Delicious Living
  • 1 tablespoon olive oil
  • 1 stalk celery divided
  • 1 small yellow onion (diced)
  • 1 small carrot minced
  • 3 cloves garlic (minced)
  • 3 cups sliced shiitake mushroom caps (about 6 ounces)
  • 2 15-ounce cans great Northern beans, drained and rinsed
  • 6 cups low-sodium vegetable broth
  • 1 bunch watercress (washed, stems removed)
  • Salt and pepper (to taste)

Shiitake and White Bean Soup with Watercress

Lisa Turner | Delicious Living
  • Serves: 6 people
  • Calories per serving: 200

Creamy, delicate white beans are the perfect backdrop for earthy shiitakes and fresh, pungent watercress.
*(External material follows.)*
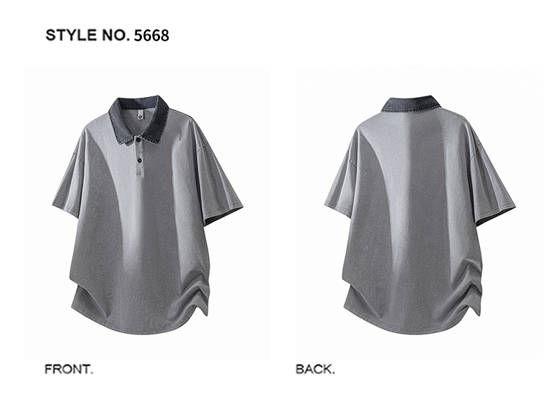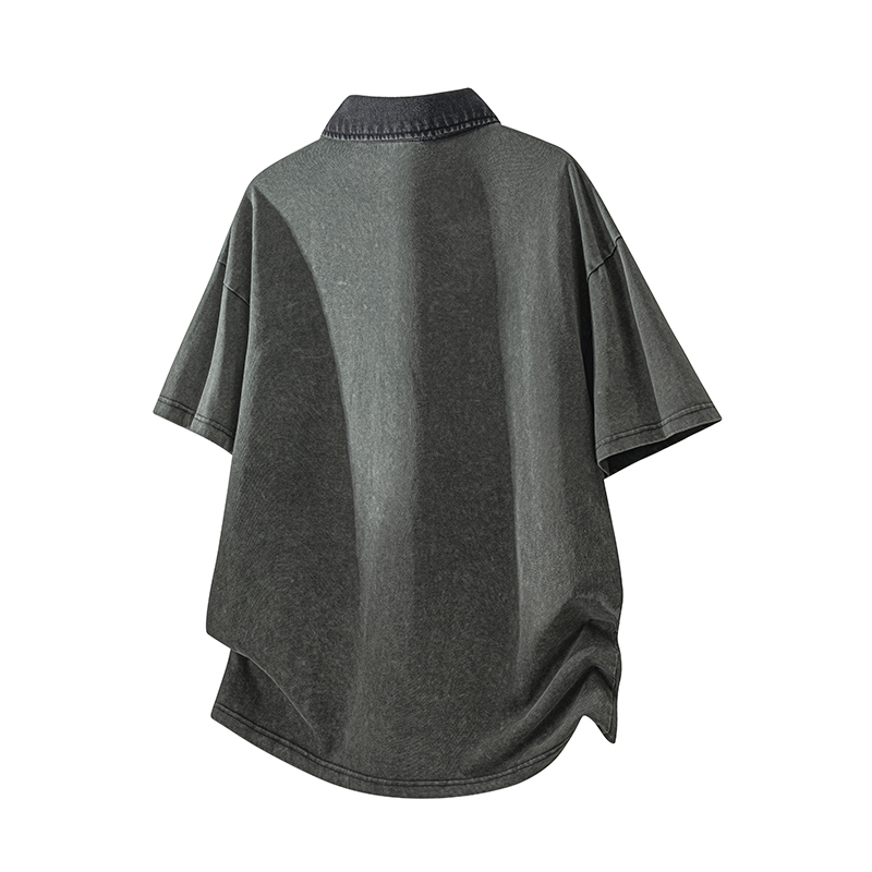 실사 여름 새로운 일본식 POLO 셔츠 남자 구조 섹션 신축성 반팔 단색 폴로 칼라 루즈핏 반소매 티셔츠
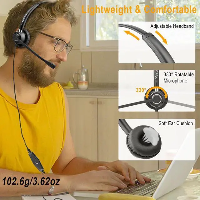 Lightweight & All-Day ComfortThis headphone with microphone weighs only 102.6g/3.62oz, and is designed for a lightweight, comfortable fit. Soft breathable leather ear cushions offer optimal comfort during extended wear. 330° rotatable microphone boom

Serve with a crisp green salad.

  1. In a large saucepan, heat olive oil and sauté celery, onion, carrot, and garlic for 4 minutes. Add mushrooms; toss to coat with oil and cook for 3 minutes longer. Add beans and broth. Bring to a boil, reduce heat, and simmer, covered, for 15 minutes.
  2. Ladle half of the soup into a food processor or blender, and purée until smooth. Return to pan. Stir in watercress and heat through for 1 minute. Season generously with salt and pepper, and serve immediately.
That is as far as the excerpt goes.